Not moving up that minimum would not worsen the situation. 

> On Sep 6, 2016, at 8:34 PM, Julian Hyde <jhyde@apache.org> wrote:
> 
> As I said, Calcite doesn’t require a particular version of Guava. We support any version
newer than 11.
> 
> But we would really, really appreciate it if you (and other downstream projects) moved
off the obsoleted old versions.
> 
> Julian
> 
>> On Sep 6, 2016, at 8:29 PM, Andrew Purtell <andrew.purtell@gmail.com> wrote:
>> 
>> Downstreamers might be stuck. 
>> 
>> Bringing together a number of components written against different versions of Guava,
you will find both forward and backward incompatibilities are possible if stepping outside
of a narrow range, and even at the same time. If Calcite is required by something and itself
requires yet another version of Guava the viable intersection could become the null set. 
>> 
>> As a library, export of Guava types is unfriendly. 
>> 
>>> On Sep 6, 2016, at 7:18 PM, Julian Hyde <jhyde@apache.org <mailto:jhyde@apache.org>>
wrote:
>>> 
>>> Alternative proposal:
>>> We keep Guava in the public API.
>>> Down-streamers can use whatever version of Guava they choose.
>>> 
>>> This is what we do today. It’s working fine (except that the down streamers
seem to want to stay on old versions forever).
>>> 
>>> Julian
>>> 
>>> 
>>>> On Sep 6, 2016, at 6:43 PM, Josh Elser <josh.elser@gmail.com> wrote:
>>>> 
>>>> (from the peanut gallery)
>>>> 
>>>> I have no strong opinions but find myself presently leaning towards Ted's
suggestions.
>>>> 
>>>> Ideally, I think that we should not expose things in a "public API" which
we do not have the ability to guarantee compatibility of. A round-about way of saying "Calcite
public API should only be Calcite classes or Java 'standard library' classes". Included Guava
classes in the API would be disallowed.

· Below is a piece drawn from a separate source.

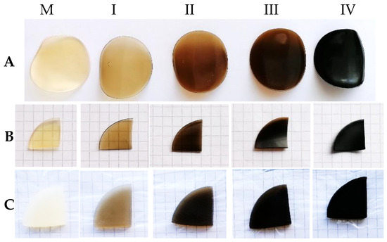 Hydrogel samples after drying in figure (A), being prepared for swelling in figure (B), and after 48 h of swelling in figure (C); I, II, III, and IV with increasing GO concentration, and the control sample M.

The basic reasoning behind this is that it guarantees
that we have full control of our "destiny" without having to worry about dependency versions.
>>>> 
>>>> On the quick read of Ted's suggestion, it matches that (hide the Guava class
in the API's implementation with a generic type in the API). But, I can also appreciate the
problems you outline as well, Julian.
>>>> 
>>>> Julian Hyde wrote:
>>>>> Yes, I misread your suggestion. I see now you are suggesting a compromise.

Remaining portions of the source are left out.